Türkiye'nin üyeliğiyle AB'ye bir göç akınından olacağından endişe
edildiğini sorulması üzerine ise Rohan, "Güvenilir tahminler,
işgücünün serbest dolaşımına izin verilmesi halinde yaklaşık 2.7
milyon Türk'ün AB'ye gelebileceği sonucuna varıyor. Bugün AB'de 3.5
milyon Türk yaşıyor. Göçün uzun bir geçiş süresinden sonra 2025'te
AB'nin işgücü sıkıntısı çektiği bir zamanda etkili olacağı
belirtiliyor. Uzmanlar o zaman AB'nin sosyal sistemini güvence
altına almak için bir milyon göçmene ihtiyaç duyacağını söylüyor.
Refahın artmasıyla göç eğilimi de azalıyor" dedi. Eski diplomat,
"AB Türkiye'nin katılımını kaldıracak olgunlukta mı?" sorusunu
verdiği yanıtta ise "Komisyon ve Konsey'de halk bir önem taşımıyor.

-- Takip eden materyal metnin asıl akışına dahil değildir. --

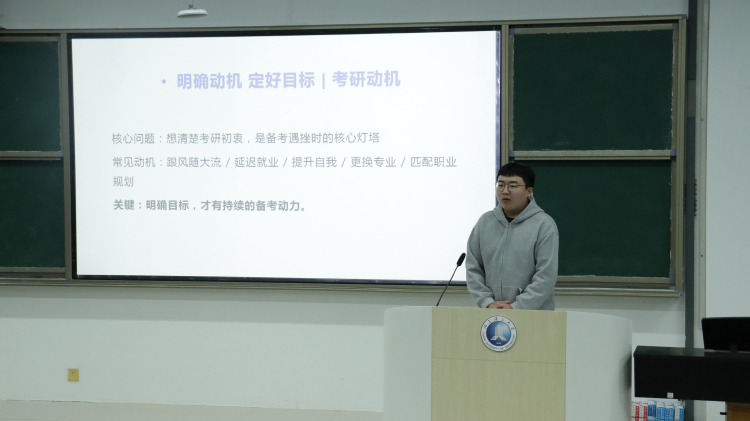 会上,江明围绕报考条件、招生计划、培养特色及科研平台等核心内容系统解读了学院2027年硕士研究生招生政策。张建中结合求学治学的切身经历与多年一线教学管理经验,从理性分析与情感激励双重视角出发,针对报考院校选择、备考节奏安排、心态调整方法及日常作息规划等方面做了备考策略辅导。2026届考研学生代表徐邦禄、苏林昊结合自身备考经历,分享了从初试备战到复试突围的实战经验。
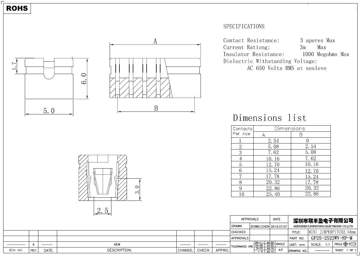 产品简介 品名:短路帽 规格:插件/直式180° 间距:2.54mm PIN数:2PIN 备注:排母系列

Ama AB Parlamentosu için bu önemli. Ama burada ulusal bloklar yok.
Oylama partilere göre yapılıyor" dedi. Türkiye'nin yardım edilmesi
gereken ülkelerden biri olacağını belirten Rohan, "AB'nin tarım ve
yerel politikası 2015'ten sonra bugünkünün aynısı olmayacak. AB'de
dayanışmanın sürdürülüp sürdürülmeyeceğini bilmiyoruz. Ama kesin
olan tek şey şu: AB bütçesi (şu sıralar GSMH'nın yüzde 1.24 ile)

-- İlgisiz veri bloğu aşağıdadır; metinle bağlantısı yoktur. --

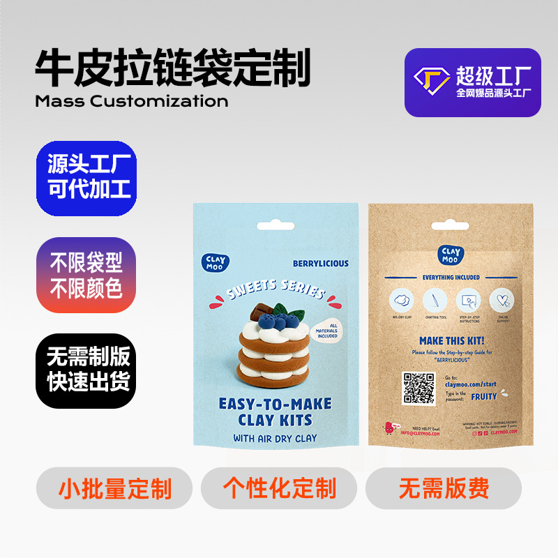 ビスケット包装袋 カスタム牛革紙自立式ジップロック袋 食品スナック密閉袋 カスタム包装
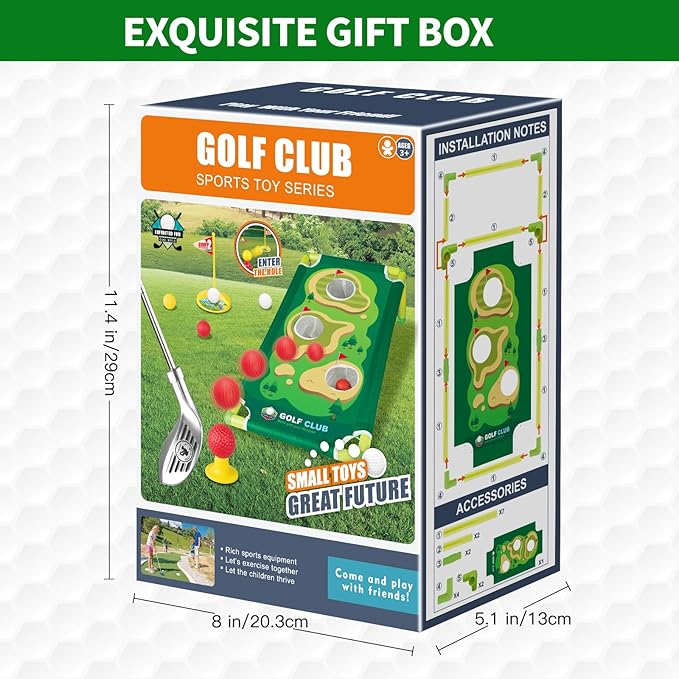 - Multiple Play: Our kids golf club set offer diverse play modes. Using putting mat for practicing putting rhythm according to trajectories, and cornhole board for aiming and shooting. Beginners can get started easily, while advanced players can enjoy challenge

sınırlı olduğu sürece, bir bütçe patlaması olmayacaktır. Net
ödemede bulunan ülkeler arasındaki Avusturya da daha fazla ödeme
yapmak zorunda kalmayacak" dedi. Rohan, "Türkiye'nin enerji ve
ulaşım açısından jeostratejik konumu, demokrasi ve İslam'ın
birbiriyle bağdaştığına dair diğer İslam ülkelerine verilecek bir
mesaj, Avrupa'nın Türkiye'yi içine alarak ekonomik ve askeri açıdan
güçlenmesi gibi konuların, Türkiye'nin AB üyeliğini savunan
çevrelerin argümanları arasında yer aldığını belirterek, "Türkiye
Arap ülkeleri ve İsrail ile iyi ilişkiler içinde. AB güvenlik
politikası açısından, komşuluk politikası çerçevesinde bu bölge ile
ilgilenmek zorunda" dedi. "SESSİZ DEVRİM" Rohan, Türkiye'nin üyelik
sürecinde gündeme getirilen "İmtiyazlı ortaklık" önerisine de
değinerek, "Böyle bir ortaklık zaten 1963'ten beri var, Türkiye
ortak üye, 1996'dan bu yana da Gümrük Birliği'nde" dedi. Aralık
ayındaki zirvede alınacak kararla ilgili görüşlerini de açıklayan
Rohan, "Komisyon konuya farklı yaklaşacak. Şartlar yerine getirildi
ama Komisyon zayıf noktalara da dikkat çekecek. Komisyonun olumlu
bir tavsiyede bulunması halinde, AB Konseyi'nin Aralık'ta
müzakerelere başlanmasına karar vermemesi için hiç bir neden
göremiyorum. Komisyon Türkiye'deki reformlardan dolayı sessiz bir
devrimden bahsediyor" dedi. Yapılan reformlara karşın uygulamalarda
aksaklık yaşandığı eleştirilerini de değerlendiren Rohan,
"Sistemdeki böylesine köklü bir değişimin iki yıl içinde uygulamaya
geçirilmesini beklemek adilce olmaz. Türkiye'ye diğer adaylardan
daha kötü davranılmaması gerekir. Her şeyi uygulamaya geçirememiş
olmalarına rağmen diğer adaylarda da bu hoş görüldü" diye konuştu.
Avusturyalı diplomat, Avusturyalılar'ın çoğunun Türkiye'nin Birliğe
katılına karşı olduğunun hatırlatılması üzerine ise "Biz en olumsuz
zihniyete sahip ülke olarak tanınıyoruz. Bu konuda üstümüze yok.
Tarihten kaynaklanan tereddütler var. Avusturyalılar komşularının
katılımına bile bundan kazançlı çıkacak başlıca ülke olmalarına
rağmen kuşkulu gözlerle baktı. Bunun sorumlusu politikacılar.
Türkiye konusu popülist amaçlar için kullanılıyor. Şimdiye kadar
bütün başbakanlar AB'nin Türkiye konusundaki kararlarını paylaştı.
Avusturya frenleyici olmamalı" dedi.